As it turns out, “unhappy” may have been an apt description for much of Miles’ life and career. This week he penned an autobiographical column for The Players’ Tribune titled, “What the Hell Happened to Darius Miles?” In it he describes growing up in East St. Louis, his struggles with physical and mental health, the high points of being drafted and becoming an NBA star, and the low points of life afterwards, including the pain of losing his mother after her long struggle with cancer.
When you’re in the NBA, people think you’re a superhero. Maybe you think you’re a superhero, too. But there’s all kinds of stuff going on under the surface that nobody has any idea about. My momma battled three different cancers while I was in the league ― liver cancer, colon cancer, bone cancer. When I think about all the teams I played for after L.A. ― Cleveland, Portland, Memphis ― what I remember first is the doctors and the hospitals in all those cities.
I was dealing with all that for most of my career, and I was just … burying it, you know? I prided myself on standing tall through it all and never breaking. I never cried ― not once. My people were dropping like flies when I was in the league ― homies, cousins, my grandmomma ― and I never cried, not one damn time.
Miles also explains how easily fortunes are earned and lost in professional sports:
If you read the headlines about me now, it’s all about me going bankrupt. People ask me, “Man, how can you lose all that money?”

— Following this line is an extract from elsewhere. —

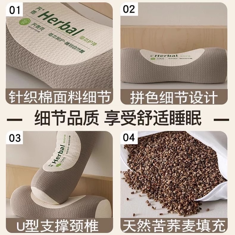 护颈专用荞麦枕护颈椎睡眠单人助一只装枕芯一对成人圆柱牵引腰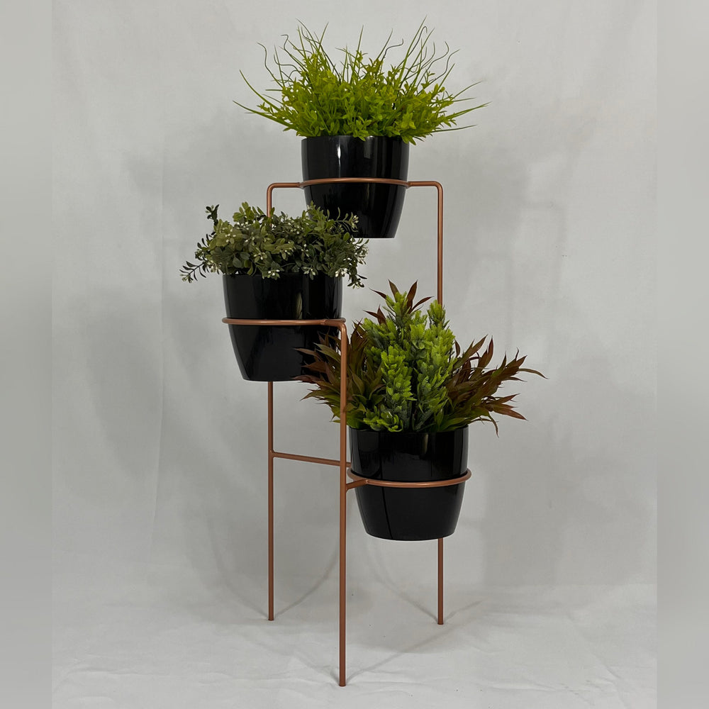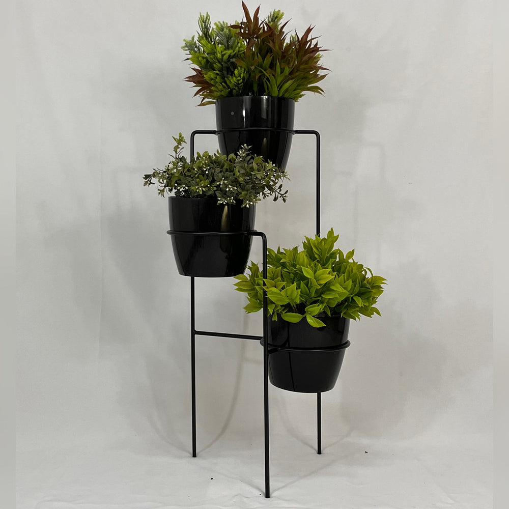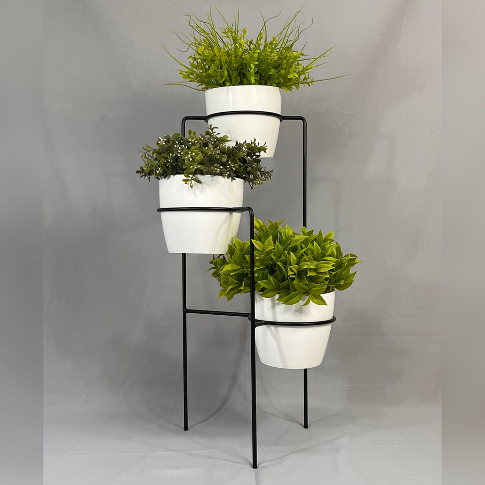 Transforma tus espacios con nuestra elegante base metálica de 70 cm de altura, fabricada en varilla de acero con acabado en pintura electrostática, resistente y de fácil mantenimiento. Incluye tres materos plásticos de 17 cm de diámetro y 15 cm de altura, perfectos para tus plantas favoritas. ¿Por qué elegir nuestro set?

That part is easy to explain. You already heard that story a million times, with a million players. The cliche is that guys go broke buying Ferraris or whatever. Listen, it takes a long time to go broke buying Ferraris. What makes you go broke are shady business deals.
They’ll make the money disappear quick.
Miles also touches on some lighter moments, including coming down with adult chicken pox at the exact moment he finally made it into upper-echelon NBA social circles and the origin of his famous “double head tap” celebration that swept the country.
The article is well worth a read for a host of reasons, not the least of which is that it turns Miles back into a three-dimensional figure for Blazers fans.